Mas é Diego que tem e terá para sempre um lugar especial no coração do ator. Não apenas porque foi o primeiro papel importante de sua carreira, mas pelo desafio de interpretar um personagem tão diferente do que ele é. “Não me identifico com o Diego. Ele é órfão de mãe e é carente do amor do pai. E eu tenho uma relação ótima com meus pais. Na minha família, tem aquela coisa de ‘eu te amo’ pra cá ‘eu te amo’ pra lá’”, afirma, rindo.

Apesar da dificuldade, Diego estava na mira de Ravel desde que foi chamado para fazer teste para dois possíveis papéis em “Sessão de Terapia”: Rafael, o filho do psicanalista Theo (Zécarlos Machado), protagonista da história, que se envolve com drogas, e Diego, um adolescente alcoólatra. “Eu queria fazer o Diego porque me pareceu mais desafiador”. E conseguiu. Rafael ficou a cargo do ator Johnnas Oliva.

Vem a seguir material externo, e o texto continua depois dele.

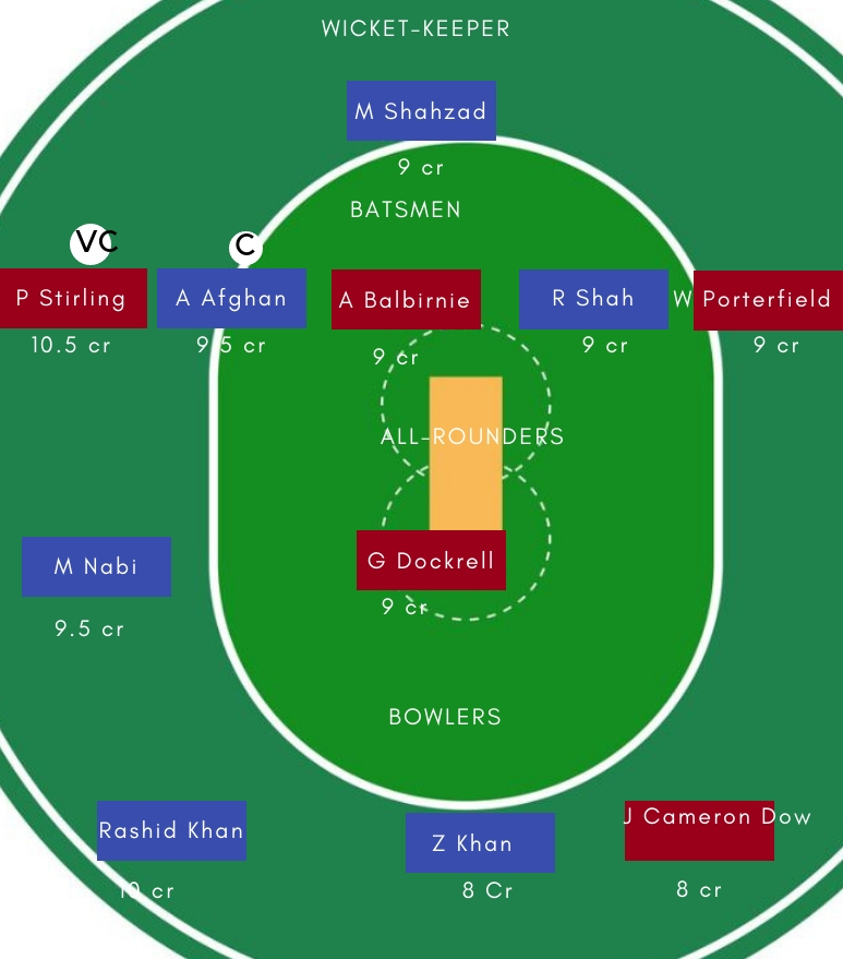 बल्लेबाज – बल्लेबाजी में Paul Stirling, Asghar Afghan, William Porterfield, Andrew Balbirnie सबसे अच्छे विकल्प होगें। Asghar Afghan इस समय बेहद शानदार फॉर्म में मौजूद है। वही, Andrew Balbirnie ने वनडे सीरीज में बढिया बल्लेबाजी का प्रदर्शन किया था।

No primeiro teste, embora tenha feito cenas tanto para o Rafael quanto para Diego, ele diz ter ido “a carater”. “Fui com umas roupas largadas, típicas de um menino mimado, rico, que gostava de beber, que era a descrição dada pela sinopse de Diego”, conta. Fez outro teste e ficou ansioso, aguardando o telefonema da produção da série. Ele veio, mas, assim que a produtora de elenco se identificou, a ligação caiu. “Nossa, fiquei superapreensivo. Quando ela telefonou de novo e me disse que eu tinha passado para fazer Diego, saí dando pulos de alegria e abraçando meu irmão”, afirma Ravel, que mora com Julio em São Paulo desde que deixou sua Porto Alegre natal para fazer “Não Pare na Pista”.

As dificuldades para encarnar Diego foram sendo superadas no decorrer do processo, conta o ator. Um pito de diretor aqui. “Um dia o Selton chegou pra mim e disse: ‘Ravel, você precisa estudar mais’. Nossa, aquilo foi determinante. Passei a estudar muito. Fiz decupagem de texto, foquei o personagem e, aos poucos, fui encontrando o Diego. O Selton me transformou num ator”, conta. Um apoio ali. “O Zé foi um paizão”, diz, referindo-se ao ator protagonista da série, com quem contracenou em quase 100% das cenas. “Ele é todo o contrário daquele terapeuta sério que faz em ‘Sessão de Terapia’. Ele é alegre, vai gritando do camarim até o set, mas é megaconcentrado. Grande ator. Me ajudou muito. Foi comigo até o fim. Criamos uma relação de pai e filho. Me senti abraçado”, confessa.

Ravel vai guardar para sempre um fato que aconteceu durante as filmagens de “Sessão de Terapia”. “Um dia eu cheguei, e o Selton me perguntou: ‘ O que te comove?’ E eu respondi: ‘Pouca coisa, mas minha família me comove’. Meses depois, no quarto episódio, quando ia fazer uma cena forte, que o Diego iria enfim chorar, eu me concentrei e, quando olhei para baixo, tinha foto da minha família no chão”, conta. “O Selton é muito sensível. É carinhoso, generoso. Ele é meu guru”, afirma.

Um set com a presença do irmão e outro com um diretor generoso e um colega de cena “paizão” podem muito bem acostumar mal um ator em início de carreira, não? “Nada, estou louco para pegar alguém mais rigoroso. Quero sangue”, brinca.